Arturo Stable is a Cuban master percussionist and composer. His diverse musical experience and unique sound have allowed him to work in many environments, but he is best known as a Latin jazz percussionist. He has performed in many famous jazz festivals around the world, such as the San Francisco Jazz Festival and the Vitoria-Gasteiz jazz festival, and has also played with some of the most notable jazz performers, including Paquito D'Rivera. Esperanza Spalding and David Sánchez,

Early life

Youth
Stable was born in Santiago de Cuba, the cradle of the island nation's most important center of culture and home of such elemental music styles as the Guajira and Son. Nurtured in a family that is deeply involved in the performing and visual arts and encouraged by his father Arturo Sr., a musician and a painter, the youngster began his formal study of music at the age of four, taking piano and theory lessons.

Early education
When his family moved to Havana, Stable continued his music education. He earned his first degree, in percussion, at the Amadeo Roldán Conservatory, an esteemed institution that has over the decades groomed the talents of countless other celebrated Cuban musicians, among them pianists Gonzalo Rubalcaba and Hilario Durán and saxophonist Yosvany Terry.
In 1993, Stable relocated to Puebla, Mexico, a metropolis south of Mexico City, where he polished his skills as a percussionist working as a sideman, performing everything from Latin jazz to rock and traditional Latin styles. He also began his career as an educator, teaching classical and Afro-Cuban percussion at the Puebla State University (Benemérita Universidad Autónoma de Puebla). At the same time, he pursued a post-graduate degree in music education from the Puebla State Development University.

Career development

2001–07
In 2001, Stable received a scholarship to study at the Berklee College of Music. By 2003 he had earned a degree in Contemporary Writing and Production and cultivated friendships with many of the musicians who accompany him on his solo artist career. After graduating from Berklee, he released his first album as a leader, called 3rd Step, in 2004. The album's name had its origins in a three-step process that Stable had planned to fulfill his dream of becoming a skillful musician. The first step involved moving to the U.S. in order to have the chance to fulfill his career goals. The second step consisted of furthering his learning and growing musically. Finally, the third step was to create a recording where he could apply all the lessons he had learned (thus far). Stable's debut album was received with warm reviews, including from Latin Beat Magazine, which stated: "Stable, who also composed and arranged, shows that he has staying power with this first project."

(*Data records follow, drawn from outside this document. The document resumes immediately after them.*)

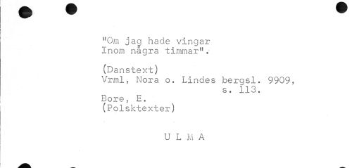//// "Om jag hade vingar Inom nagra timmar". //// (Danstext) //// Vrml, Nora o. Lindes bergsl. 9909, //// s. 113. //// Bore, E. (Polsktexter) //// U L M A ////
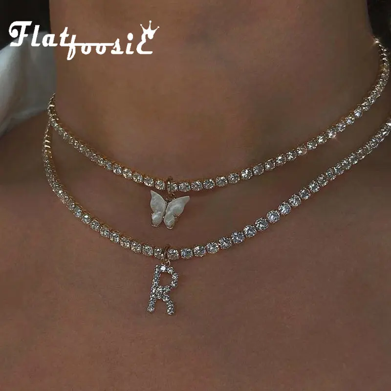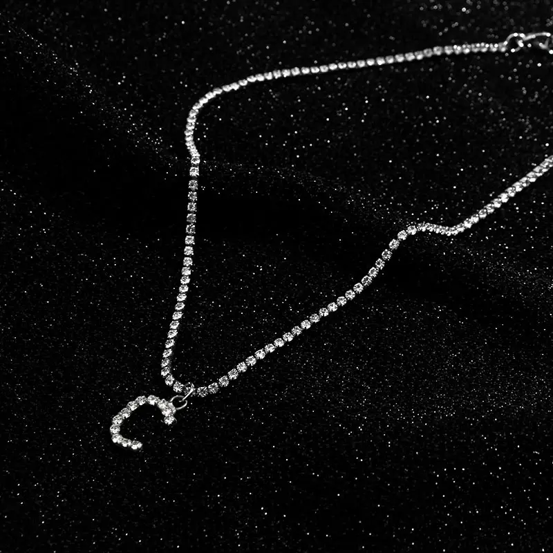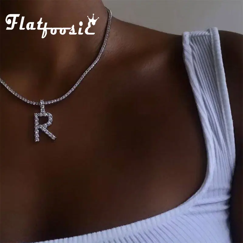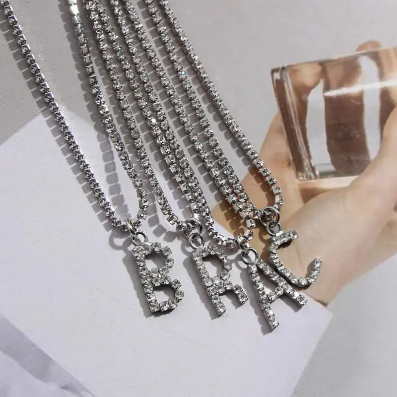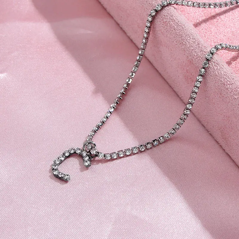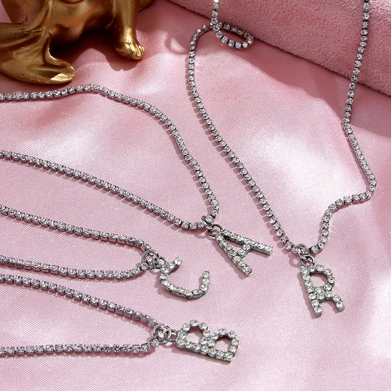 Flatfoosie New Fashion Crystal Letter Pendant Necklace for Women Bling Rhinestone Choker Necklace Exquisite Luxury Jewelry Gift
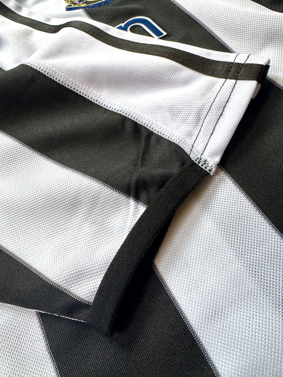 ¡Encarna el sueño de Santiago Muñez con esta auténtica camiseta retro del Newcastle United de la película GOAL! Esta icónica playera a rayas blancas y negras, con el escudo tradicional bordado, es la misma que vistió el personaje en su llegada triunfal a la Premier League inglesa.
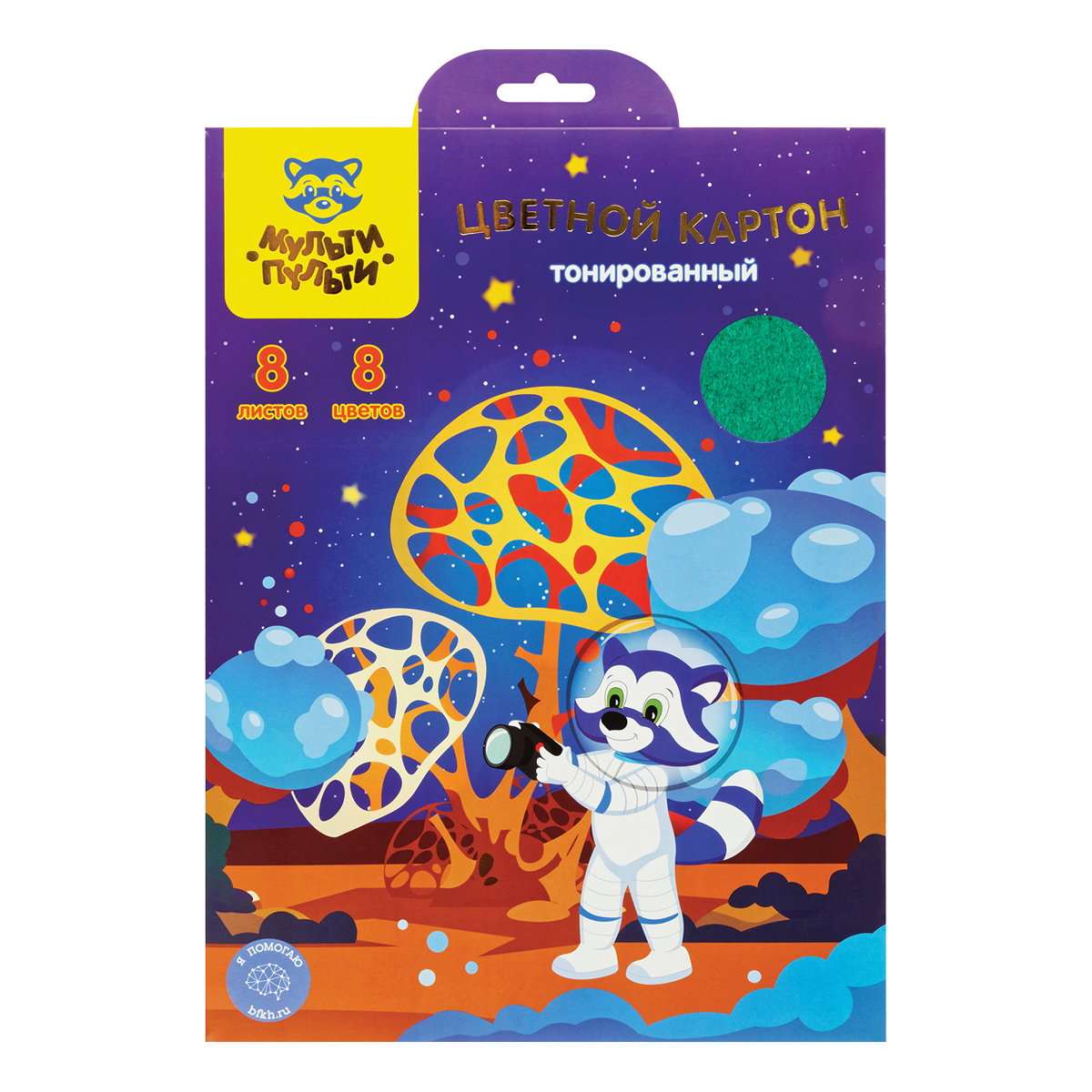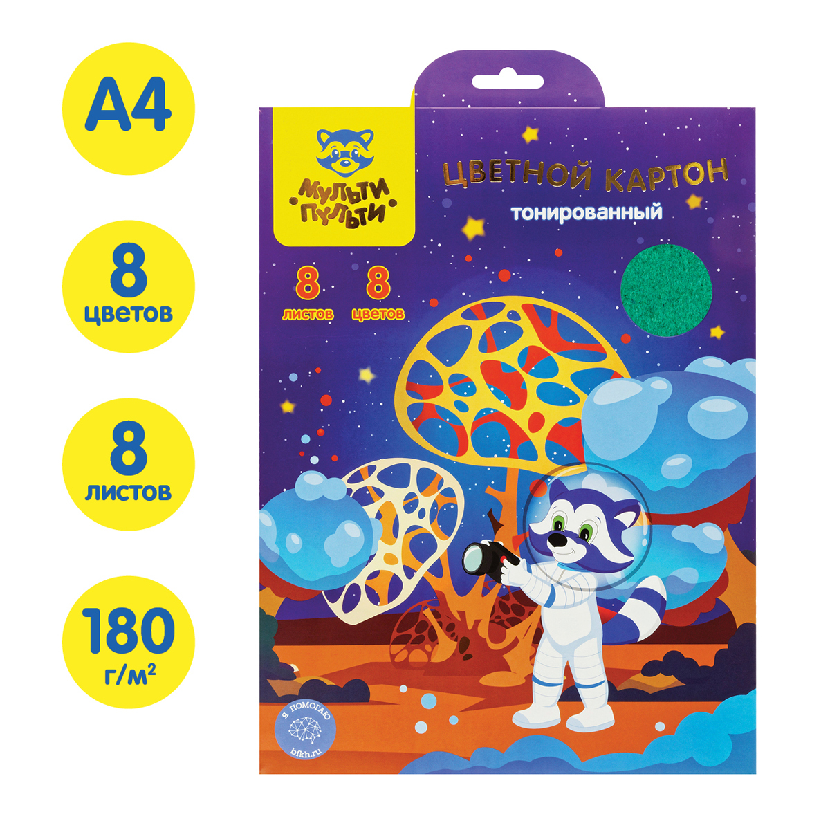 В наборе цветного картона «Мульти-Пульти» используется высококачественный тонированный в массе картон. Тонированный в массе картон - материал, который сделан из прокрашенной целлюлозы и имеет единый цвет в том числе на срезе и сгибах. Подходит для особых поделок, где нужны очень качественные материалы, оформления поздравительных открыток, альбомов. Размер: 200*285 мм. Плотность: 180 г/м2. Набор включает в себя 8 листов картона 8 насыщенных цветов. Для детей старше 3-х лет.

In the years following his debut album, Stable expanded his musical horizons and enriched his cultural knowledge. In July 2006 he played as a member of Javier Vercher's Sexteto for the 30th edition of the Vitoria-Gasteiz jazz festival (Spain).
Stable contributed as a co-founder of Musinetwork School of Music (currently the most important music education website for Spanish speakers) in 2007. There, he has reached music students from all over the world who cannot afford the cost of studying abroad with great professors and has helped them master the skills and knowledge they will need to become talented musicians.

Also in 2007, Stable released his second album as leader, Notes on Canvas, to several positive reviews including that of JazzTimes magazine, which stated: "Emotive melodies and masterful arrangements reflect his subjects' origins, while Stable thrusts directly to the center with powerful rhythmic leadership". In this superb Jazz masterpiece that includes the participation of more than a dozen of great musicians, Stable composed each tune inspired by 9 different paintings that Stable chose from his favorite pieces of art. The album's release was celebrated on December at Cachaça Jazz Club,
where Stable led a stellar quintet, featuring saxophonist Miguel Zenon, pianist Robert Rodriguez, bassist Edward Perez and drummer Henry Cole.

2008–present
Stable played a major role in the 10th International Puebla Festival (Mexico) in September 2008. During the closing of the event, Stable played as a featured guest with the Puebla State Symphony Orchestra,
which performed one of Stable's compositions, "Suite Omnira".
Following the success from the previous year, Stable returned to Mexico as the Adjunct Artistic Director of the first Puebla Jazz Festival in 2009.
Here, he collaborated with the Puebla State University and other sponsoring institutions to bring an impressive arrangement of great musicians, including Newman Taylor Baker, James Newton, Dave Samuels and Stable himself among many others.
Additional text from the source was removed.